» **YOUR TASK**
Once the images are removed, set down everything else in the listing below exactly.

» **THE DATA**

——

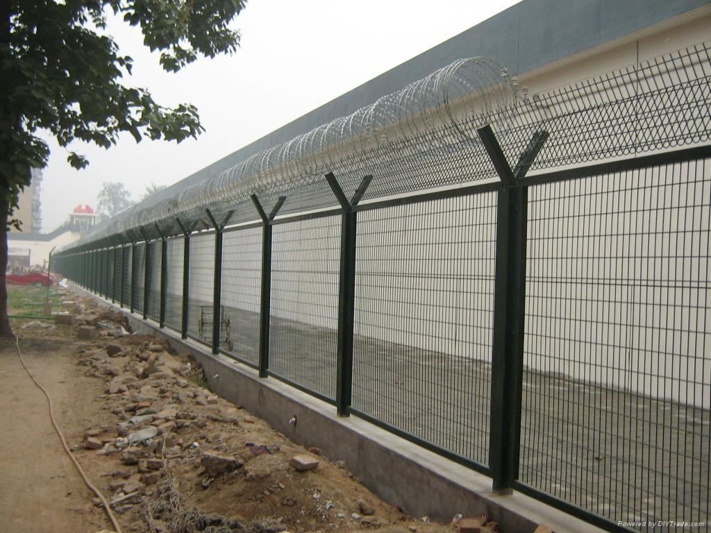 監(jiān)獄防逃網(wǎng)墻加高網(wǎng)通常采用鋼絲直徑為5mm、6mm、6,5mm ,網(wǎng)孔采用50mm*100mm、50mm*50mm、 50mm* 200mm、
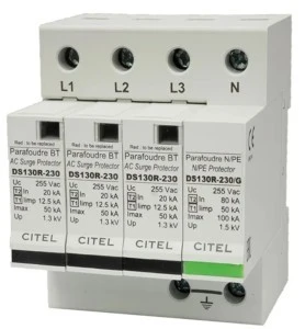 4-biegowy ogranicznik przepięć do sieci AC firmy CITEL o prądzie udarowym Iimp.= 12,5kA/bieg (10/350µs), gdzie jako element zabezpieczający w pierwszych trzech modułach zastosowano blok warystorów dużej mocy, natomiast w czwartym module sumaryczny iskiernik gazowy typu 1 do N/PE. Przeznaczony do montażu w rozdzielnicach wyposażonych w elementy ochrony odgromowej lub narażonych na oddziaływanie silnego pola elektromagnetycznego jako 1-szy stopień zabezpieczeń. Występuje również w wersji ze zdalną sygnalizacją zadziałania RS.
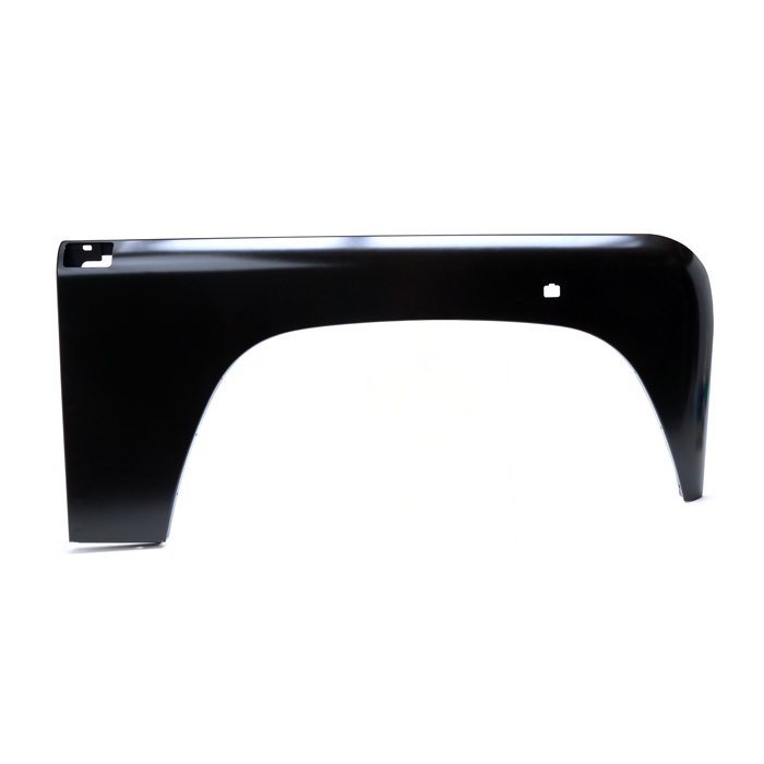 Wing panel, right side, outer, front fender. Pre-cut for roll cage mount and side lamp. Finished in electrostatic E-Coat black primer. Ready for paint.

——

» **WRITTEN ANSWER**
 監(jiān)獄防逃網(wǎng)墻加高網(wǎng)通常采用鋼絲直徑為5mm、6mm、6,5mm ,網(wǎng)孔采用50mm*100mm、50mm*50mm、 50mm* 200mm、
 4-biegowy ogranicznik przepięć do sieci AC firmy CITEL o prądzie udarowym Iimp.= 12,5kA/bieg (10/350µs), gdzie jako element zabezpieczający w pierwszych trzech modułach zastosowano blok warystorów dużej mocy, natomiast w czwartym module sumaryczny iskiernik gazowy typu 1 do N/PE. Przeznaczony do montażu w rozdzielnicach wyposażonych w elementy ochrony odgromowej lub narażonych na oddziaływanie silnego pola elektromagnetycznego jako 1-szy stopień zabezpieczeń. Występuje również w wersji ze zdalną sygnalizacją zadziałania RS.
 Wing panel, right side, outer, front fender. Pre-cut for roll cage mount and side lamp. Finished in electrostatic E-Coat black primer. Ready for paint.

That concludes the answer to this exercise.